Bluescreen Debugging for Dummies: Prologue

That could probably help 90% of the developers at Microsoft, to be honest.  Kernel mode debugging is sometimes equated to black magic for devs who spend most of their time in the highly friendly (and deterministic) world of user mode.

An analogy I like is to compare kernel mode to cutthroat corporate life, and user mode to bucolic academic life.  In user mode, there are rules that you can’t break, and are enforced from the outside by the faculty (the OS).  Breaking the rules doesn’t take down the whole university, only one member.  You only hurt yourself.

On the other hand, kernel mode has a set of agreed upon rules, but they’re not nearly as strongly enforced…results are more important after all!  You’re expected to follow them, you can cheat if you want (and even get away with it for awhile), but when you screw up, chances are you’ll take down the whole enterprise. 

You can’t take anything for granted in kernel mode, because there can be any number of kids playing in the same sandbox.  Someone can take your CPU away, take your memory away, dump garbage on your data, and not even call you in the morning.  Paradoxically, while it’s more critical here than anywhere else that everyone follows the rules, it’s not in our interest to strongly enforce them.  Too much error and behavior checking here could bring the system down to an unusable crawl.  So we let driver writers have the power to destroy worlds, and hope they use them for good and not evil.

As anyone who has used Windows NT and up knows, this doesn’t always go well.

In coming entries, I’ll cover some of the basics of how to open and analyze memory dump files, so you can at least feel like you have a starting place when you get a blue screen on one of your systems.  I’ll move on to more advanced topics if there’s an interest.

Comments (3)

  1. Waters says:

    Looking forward to some more articles. Here’s a recent interesting stack trace from dump that happened on shutdown; who’s to blame: mcafee (nai) or sysinternals (filem)? 🙂
















  2. Ah, see that’s one of those dumps right there that automatically falls out of the "Dummies" category. You need to really dig into the assembly to get an idea of who did what to who.
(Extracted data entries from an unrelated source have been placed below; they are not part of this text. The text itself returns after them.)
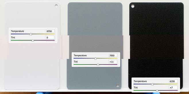 하얀색과 검은색도 찍어보니 이쪽도 색온도가 지멋대로 이더군요. (원래 흰검은 화밸 테스트하기 안 좋습니다만)
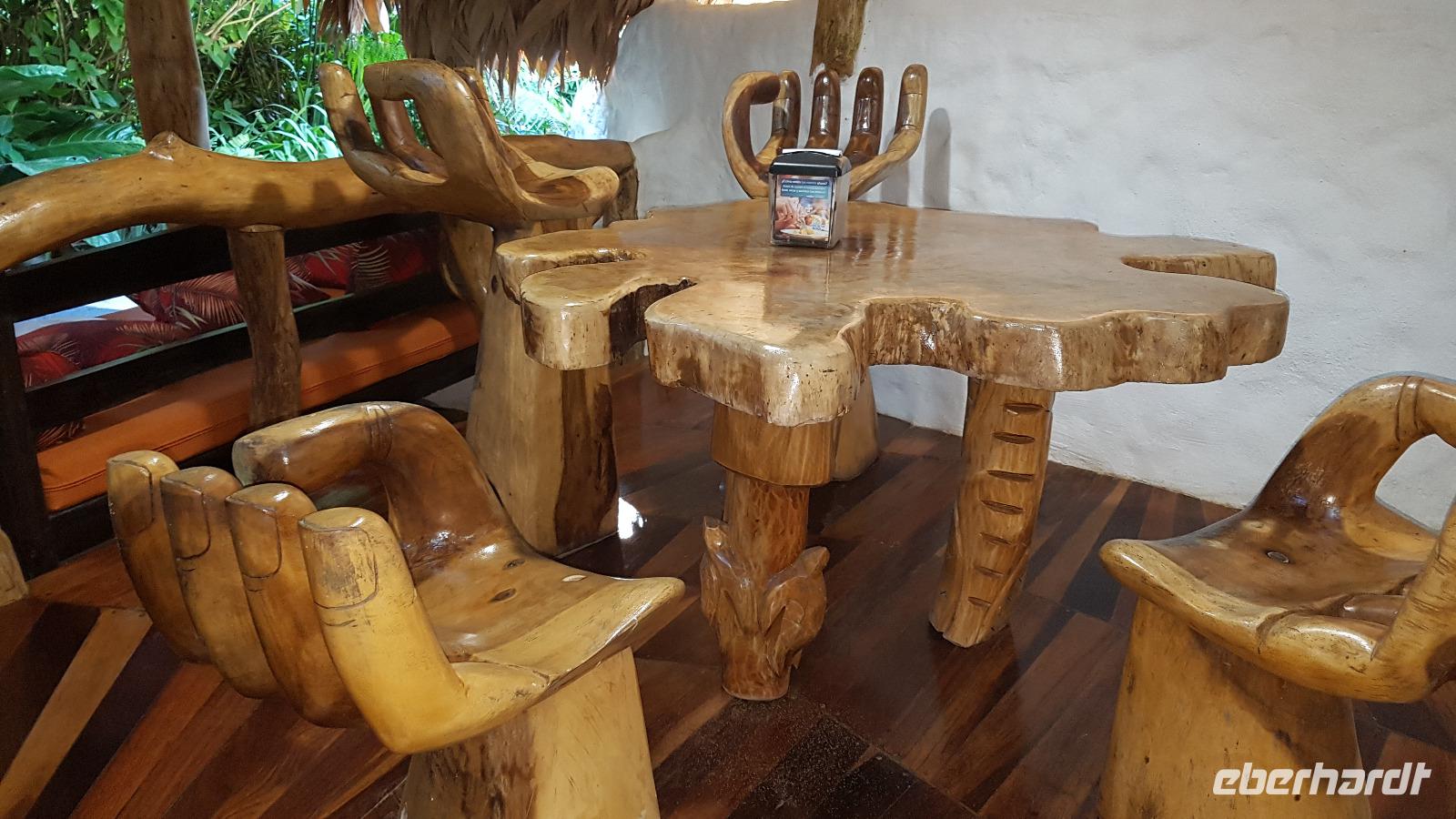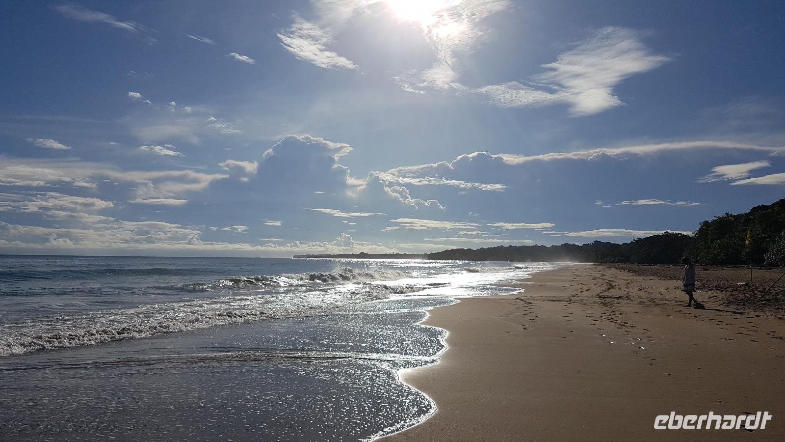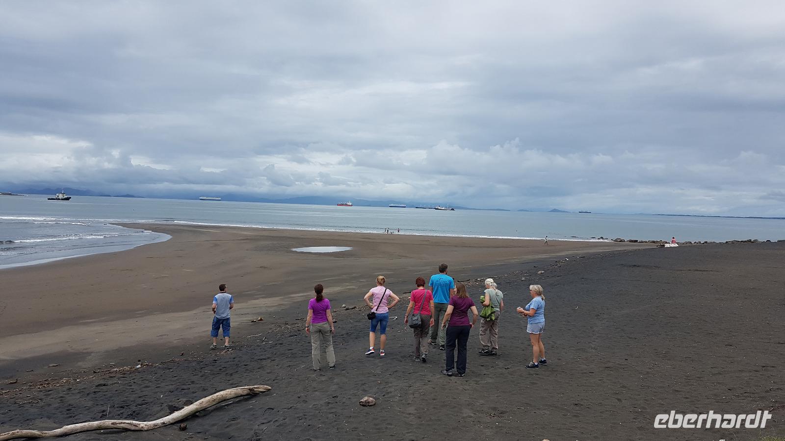 Nach einer Mittagspause machten wir noch eine kleine Wanderung um die Felsenspitze im Manuel Antonio National Park und suchten uns danach eine schöne Badebucht zum Schwimmen im warmen Pazifik. Kapuzineraffen und Leguane waren am Strand zu gange und ein Waschbär versuchte die Tasche von Badenden zu räubern. Das konnte ich aber verhindern. Zu Fuss liefen wir am Nachmittag dann zurück zu unserem Hotel und nutzten dort den Strand zum Wellenspringen. Das Abendessen nahmen wir im angesagten Grillrestaurant Lagarto ein. Dort gab es alles von einem überdimensionalen Grill und wir durften wieder aus der Speisekarte selbst wählen. Es schmeckte alles vorzüglich.
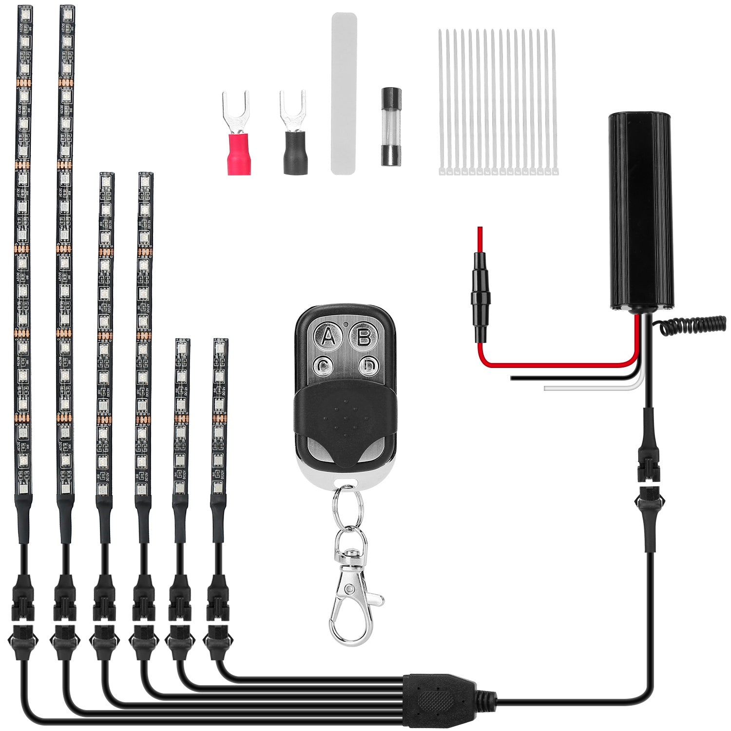 6Pcs Motorcycle LED Light Strips Multi-Color Neon Light Kits Waterproof DC 12V RGB Atmosphere Lights W/ Remote Controller Fit For Motorcycle

    My first suggestion would be to see if there are updates available for either or both drivers. 🙂

  3. khkim says:

    Tom, dick and harry can say like that.(update a driver). pls don’t say like that as an debugging engineer. I also want to know who is blame for the root cause, FILEM or naiavf5x.

    What and how makes the double fault(stack overflow) happen?

    The real attitude as an debugging engineer is to approach the root cause by debugging, not saying the updating of driver. Of course, for customer, prompt response is more important.

    But, still we are thirsty for the technical stuff.